*Your task*. An exact copy is the goal: every line from the one containing "The AKLOT Veltrix" to the end of the material below, pictures excluded.

*Records supplied*.
◆ ◆ ◆ ◆ ◆
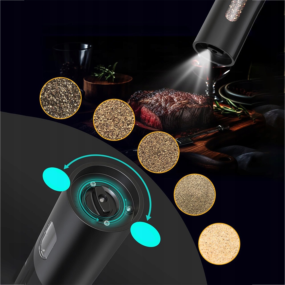 🧂 🧂 Створена товщина - відрегулюйте шліфування 5 точними налаштуваннями, від товстого маринаду до стейків до супу преміум -класу. Ручка обертової 360 ° на дні забезпечує легке управління текстурою - ідеально підходить для різних рецептів. Покращена, більша ємність - зараз 110 мл (3,38 унції) - на 30% більше, ніж стандартна модель 70 мл - ця шліфувальна машина може вмістити більше спецій і вимагає менших комплементів. Побудований -в світлодіодному світлі вмикається під час шліфування, що дозволяє моніторинг прогресу в реальному часі
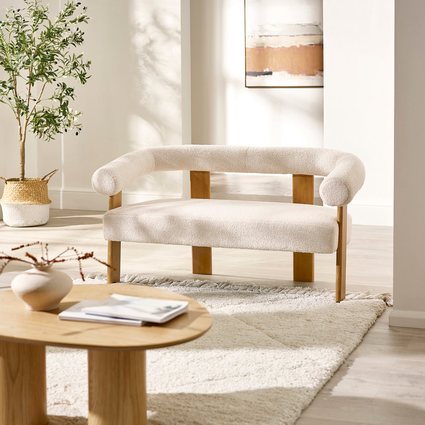 | Name | Freya White Boucle Upholstered 2 Seater Sofa with Solid Wood Legs |
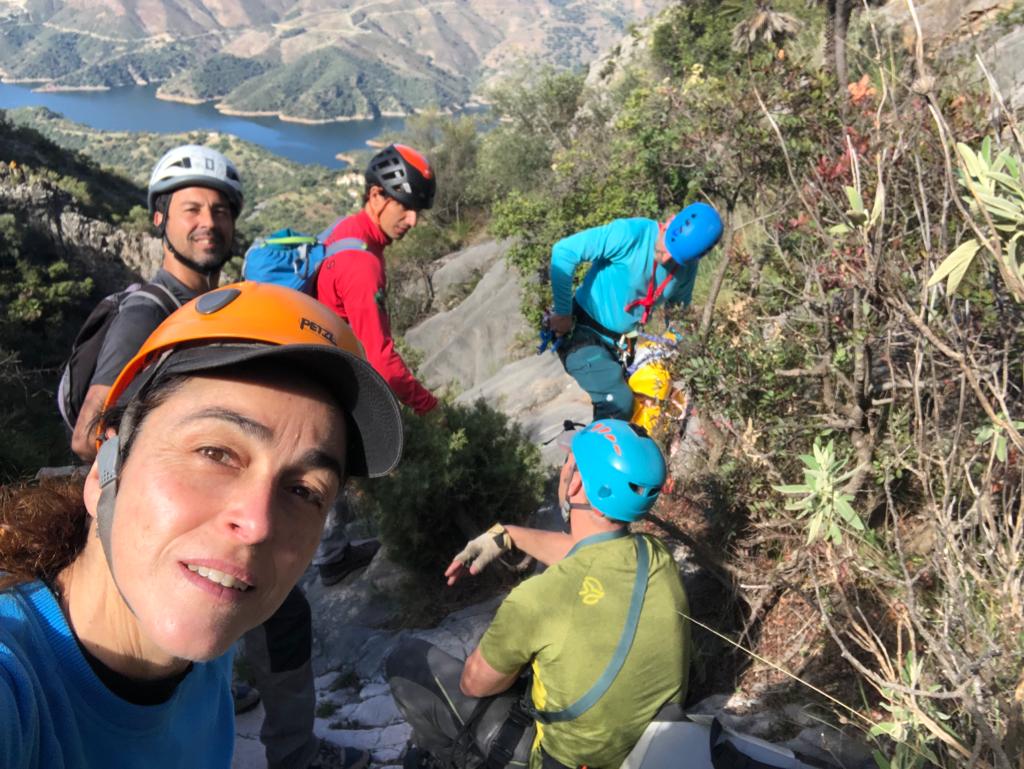 Tras tener que aplazar la actividad de la subida de la Concha por la cara sur debido a las malas condiciones de la ruta, decidimos realizar un descenso de un barranco seco, en este caso por la misma zona de Sierra Blanca, cerca del pueblo de Istán.
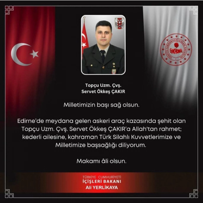 Edirne’nin Uzunköprü ilçesinde görev yapan Topçu Uzman Çavuş Servet Ökkeş Çakır, askeri araç bakımında geçirdiği kaza sonucu şehit oldu. Sabah saatlerinde meydana gelen olayda, Çakır'ın bakımını yaptığı askeri araç, seyir halindeki bir çekici arasında sıkıştı.
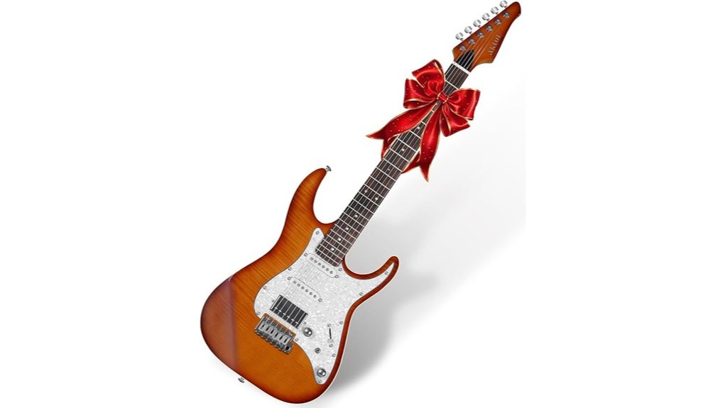 The AKLOT Veltrix sings with a roasted maple neck—dense, stable, seasoned by time and heat, much like character forged in quiet trials. Its okoume body breathes with resonance, alive beneath a flame maple crown that mirrors the beauty hidden in disciplined pursuit, a reminder that strength and elegance often grow from the same root. HSS Alnico 5 pickups deliver clarity and fire, each note a balance between control and passion—much like faith in motion.
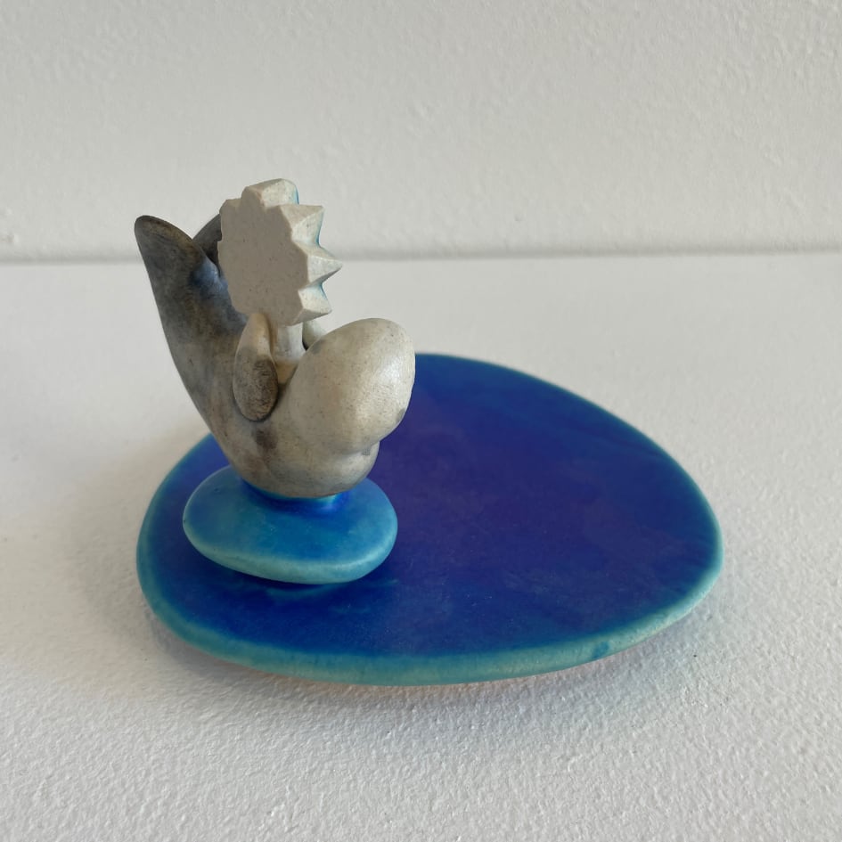 青い作品を中心に、お地蔵さんのような”やさしさ”や”祈り”を感じられるような作品を作りたいと思い制作しています。
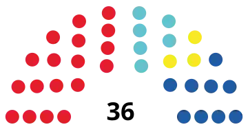 | 36 sièges du Landtag (Majorité absolue : 19 sièges) | ||||||||||||||
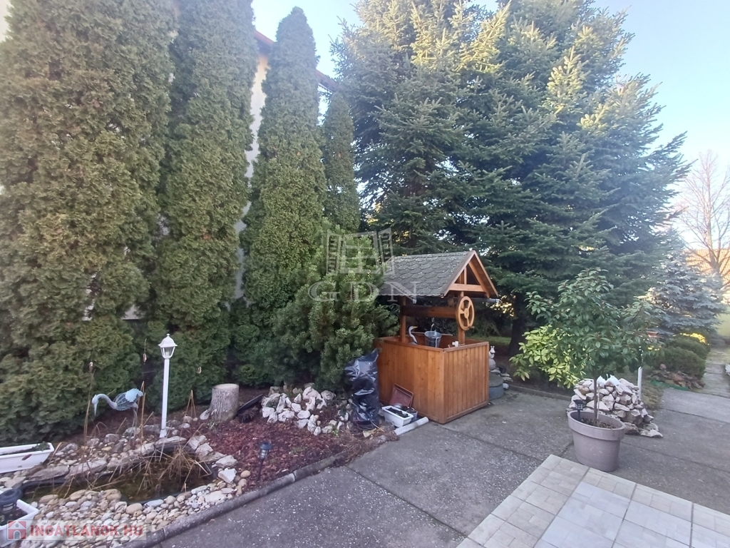 A házhoz pince is tartozik, valamint az udvarban fúrt kút segíti a kert gondozását. Az utcáról nyíló, elektromos kapuval ellátott 14 nm-es garázs kényelmes parkolást biztosít.
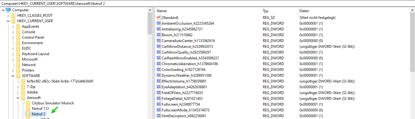 Computer\HKEY_CURRENT_USER\SOFTWARE\Aerosoft\Notruf 2
◆ ◆ ◆ ◆ ◆
*Answer area*.
 The AKLOT Veltrix sings with a roasted maple neck—dense, stable, seasoned by time and heat, much like character forged in quiet trials. Its okoume body breathes with resonance, alive beneath a flame maple crown that mirrors the beauty hidden in disciplined pursuit, a reminder that strength and elegance often grow from the same root. HSS Alnico 5 pickups deliver clarity and fire, each note a balance between control and passion—much like faith in motion.
 青い作品を中心に、お地蔵さんのような”やさしさ”や”祈り”を感じられるような作品を作りたいと思い制作しています。
 | 36 sièges du Landtag (Majorité absolue : 19 sièges) | ||||||||||||||
 A házhoz pince is tartozik, valamint az udvarban fúrt kút segíti a kert gondozását. Az utcáról nyíló, elektromos kapuval ellátott 14 nm-es garázs kényelmes parkolást biztosít.
 Computer\HKEY_CURRENT_USER\SOFTWARE\Aerosoft\Notruf 2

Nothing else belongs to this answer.